During follow-up, systemic corticosteroid use was more frequent in the budesonide group (n: 10 vs. n: 8); however, this difference was not statistically significant. Although the cumulative corticosteroid dose and BMD were also similar between the groups, the higher steroid use in the budesonide group is still suggestive of at least an inert, if not positive, effect of budesonide on BMD.
Although neither initial nor final BMD values were significantly different for either group, one can still argue that the effect of budesonide may vary depending on the underlying BMD status (normal/osteopenia/osteoporosis). The initially higher frequency of L1-L4 osteopenia in the control group may have influenced the final assessment. However, baseline BMD values and changes in BMD (ΔBMD) were comparable between the budesonide and control groups. Since osteopenia/osteoporosis (T and Z score-based) are statistically accepted classifications, based on distribution-dependent cut-offs within ranges, our indicator of comparable BMD is more meaningful than the baseline BMD status alone. Even if we do consider T-score in favor, an equal number of patients in both the budesonide and control groups had osteopenia/osteoporosis (according to any location, femur or L1-L4) at baseline.

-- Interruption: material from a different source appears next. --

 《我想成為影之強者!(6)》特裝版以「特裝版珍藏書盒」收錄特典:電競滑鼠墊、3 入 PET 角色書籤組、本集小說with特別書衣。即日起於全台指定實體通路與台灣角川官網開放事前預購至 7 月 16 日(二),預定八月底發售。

It is essential to monitor serum levels of vitamin D, calcium, and PTH at the time of DEXA scanning and at least annually during follow-up. BMD monitoring was a key component of our clinical practice, with annual or biennial DEXA scans, alongside a more frequent assessment of vitamin D and PTH levels. Our study included patients who underwent regular DEXA assessments. Although the proportion of patients with a history of prior osteoporosis treatment was identical in both groups (15.4%), the budesonide group had a higher rate of vitamin D supplementation (27% vs. 19%). While this difference was not statistically significant, it may have contributed to the maintenance of bone density in the budesonide group compared to the control group. Nevertheless, vitamin D level and PTH measurements were nearly the same between the groups both at the initial and last measurements. One limitation of our study is the absence of data on protective factors such as calcium supplementation and regular exercise, which are known to influence bone mineral density.

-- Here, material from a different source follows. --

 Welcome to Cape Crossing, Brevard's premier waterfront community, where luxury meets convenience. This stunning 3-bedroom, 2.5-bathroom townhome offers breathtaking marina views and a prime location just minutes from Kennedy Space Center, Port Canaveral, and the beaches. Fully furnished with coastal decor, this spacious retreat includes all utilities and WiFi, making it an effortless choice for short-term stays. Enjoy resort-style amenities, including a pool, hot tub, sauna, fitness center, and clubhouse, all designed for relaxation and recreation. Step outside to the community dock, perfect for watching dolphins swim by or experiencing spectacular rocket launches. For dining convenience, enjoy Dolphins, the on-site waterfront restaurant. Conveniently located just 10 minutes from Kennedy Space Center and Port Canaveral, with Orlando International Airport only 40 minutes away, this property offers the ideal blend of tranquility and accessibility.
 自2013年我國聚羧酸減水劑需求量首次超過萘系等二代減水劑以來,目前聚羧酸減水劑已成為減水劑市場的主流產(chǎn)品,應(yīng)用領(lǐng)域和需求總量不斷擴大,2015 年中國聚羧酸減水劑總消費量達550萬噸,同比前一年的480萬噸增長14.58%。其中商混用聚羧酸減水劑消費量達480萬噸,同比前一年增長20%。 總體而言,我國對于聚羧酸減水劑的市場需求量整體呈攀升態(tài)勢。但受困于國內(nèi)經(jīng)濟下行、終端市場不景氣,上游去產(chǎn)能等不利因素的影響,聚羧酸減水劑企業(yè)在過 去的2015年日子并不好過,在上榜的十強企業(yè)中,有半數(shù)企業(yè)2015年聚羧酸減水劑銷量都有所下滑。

The favorable outcomes observed in our study may be attributed to consistent monitoring of BMD and vitamin D levels, along with appropriate calcium and vitamin D supplementation, practices that may be overlooked in patients not receiving budesonide or other systemic corticosteroids in routine clinical care. However, the absence of a significant difference in supplementation rates between the groups suggests that this may not fully explain our findings. While bone loss is a silent but well-recognized complication of corticosteroid therapy, conventional steroids are also associated with a range of other AEs, which appear to be notably less frequent and severe in patients using budesonide. Although budesonide seems to have a less detrimental effect on BMD compared to traditional corticosteroids, this should not diminish clinical caution. When budesonide is indicated, the lowest effective dose should be preferred.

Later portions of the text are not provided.